Task item: Print exactly the lines from the one that contains "หรืออนุสิทธิบัตรสูงเป็นอันดับ 8 ของโลก" through the last line of the material, both included, and leave out all pictures.

Data to use:
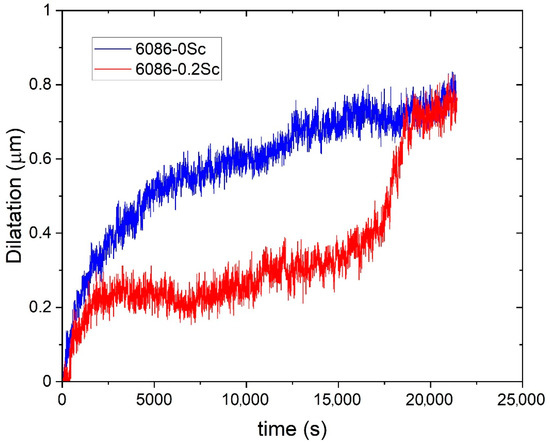 Figure 16 shows the dilatation of AA 6086 and AA 6086-0.2Sc during isothermal annealing at 180 °C. During ageing the length increased in both specimens. The increase in length in AA 6086 was continuous, and the dilatation rate decreased with time. On the other hand, in alloy AA 6086-0.2Sc, a plateau was attained within one hour, and the dimensions did not change for several hours. After approximately 17,500 s the volume started to increase abruptly, until reaching almost the same value as an Sc-lean alloy. Thus the addition of Sc delayed the beginning of precipitation, but after it started, the precipitation was rapid and, after a short period of time, both curves coincided.
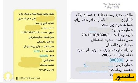 اس ام اس خلافی ماشین شامل شناسه قبض و شناسه پرداخت قبض جریمه برای شما ارسال خواهد شد.
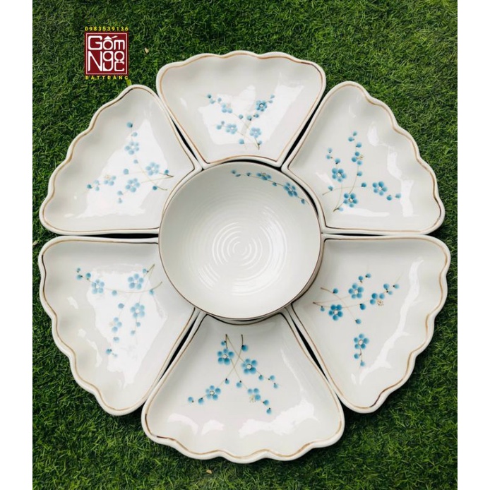 7 món gồm : 6 cánh đĩa và 1 bát tô ở giữa
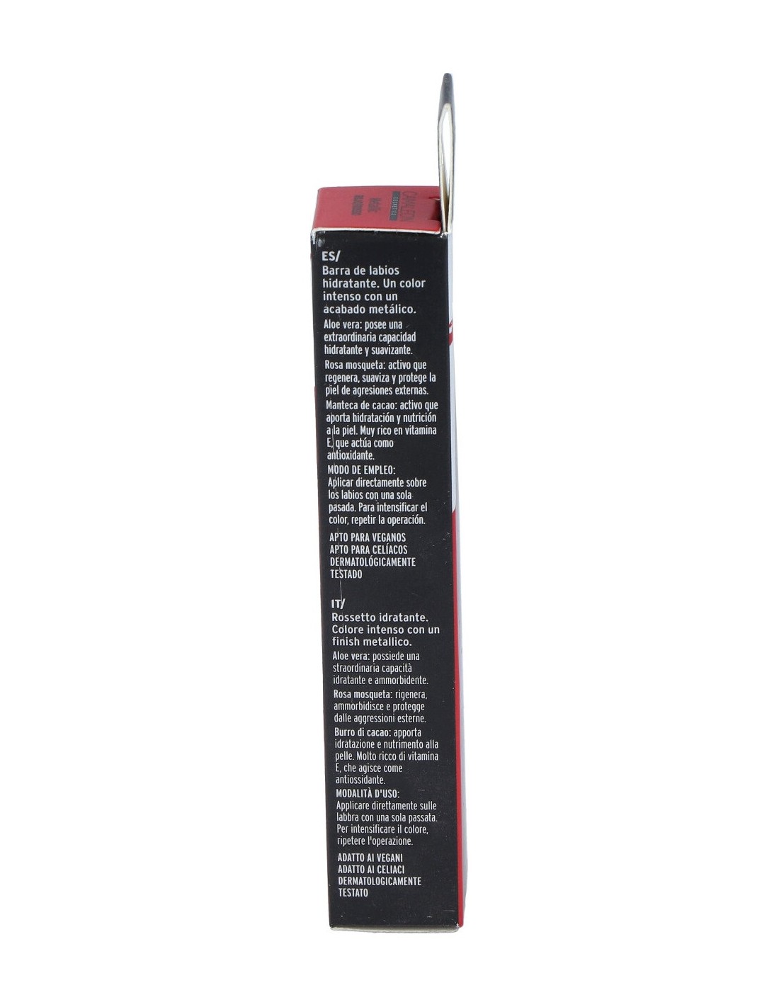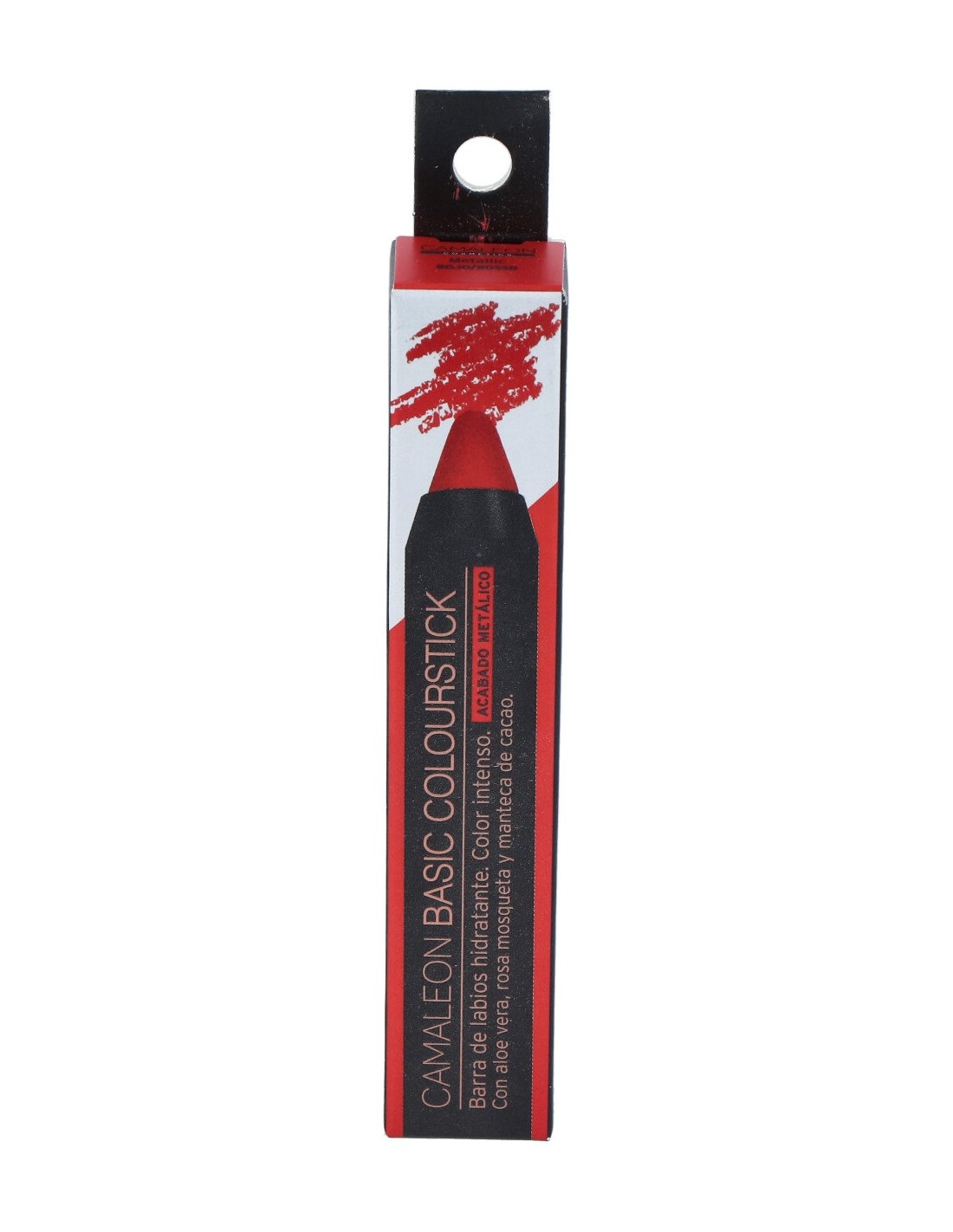 Esta barra de labios rojo metálico de Camaleon cuenta con una alta concentración de pigmentos y emolientes. El color dura alrededor de 12 horas, al mismo tiempo que hidrata y nutre los labios. Su composición es a base de aloe vera, rosa mosqueta y manteca de cacao. Contiene antioxidantes, vitaminas y proporciona un efecto rejuvenecedor para la delicada piel de los labios. La composición de su fórmula otorga un color único a cada persona. Es de textura cremosa, lo que permite que su aplicación sea sencilla y uniforme.
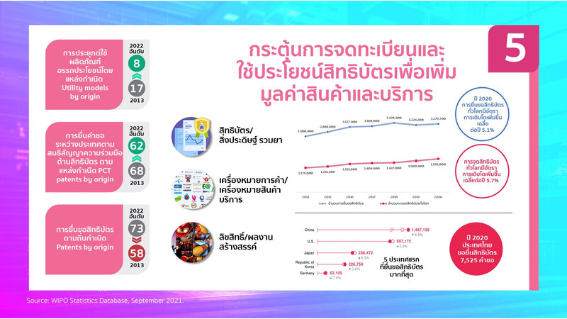 ประเทศไทยมีการยื่นจดผลิตภัณฑ์อรรถประโยชน์ หรืออนุสิทธิบัตรสูงเป็นอันดับ 8 ของโลก แต่นวัตกรรมที่เกิดขึ้นเป็นแบบค่อยเป็นค่อยไป ระดับการพัฒนาเทคโนโลยีไม่สูงมากนัก จึงต้องพัฒนานโยบายเชิงรุกด้านการลงทุน และการคุ้มครองสิทธิในทรัพย์สินทางปัญญา เพื่อนำไปสู่การสร้างองค์ความรู้ใหม่ในประเทศ
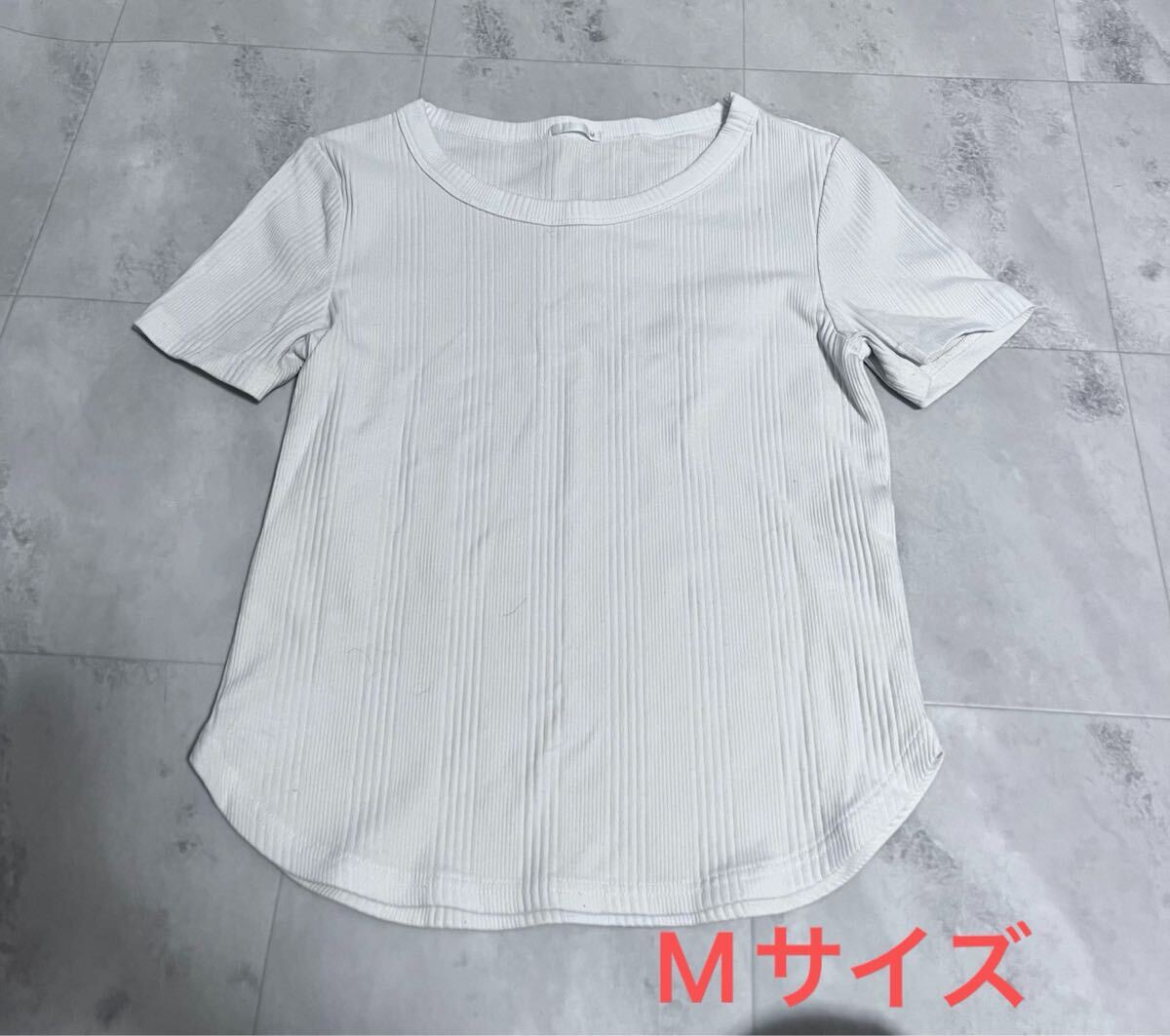 - 美品!GU ジーユー ランダムリブコンパクトT(半袖) ホワイト Mサイズ 無地

Completed task:
 ประเทศไทยมีการยื่นจดผลิตภัณฑ์อรรถประโยชน์ หรืออนุสิทธิบัตรสูงเป็นอันดับ 8 ของโลก แต่นวัตกรรมที่เกิดขึ้นเป็นแบบค่อยเป็นค่อยไป ระดับการพัฒนาเทคโนโลยีไม่สูงมากนัก จึงต้องพัฒนานโยบายเชิงรุกด้านการลงทุน และการคุ้มครองสิทธิในทรัพย์สินทางปัญญา เพื่อนำไปสู่การสร้างองค์ความรู้ใหม่ในประเทศ
 - 美品!GU ジーユー ランダムリブコンパクトT(半袖) ホワイト Mサイズ 無地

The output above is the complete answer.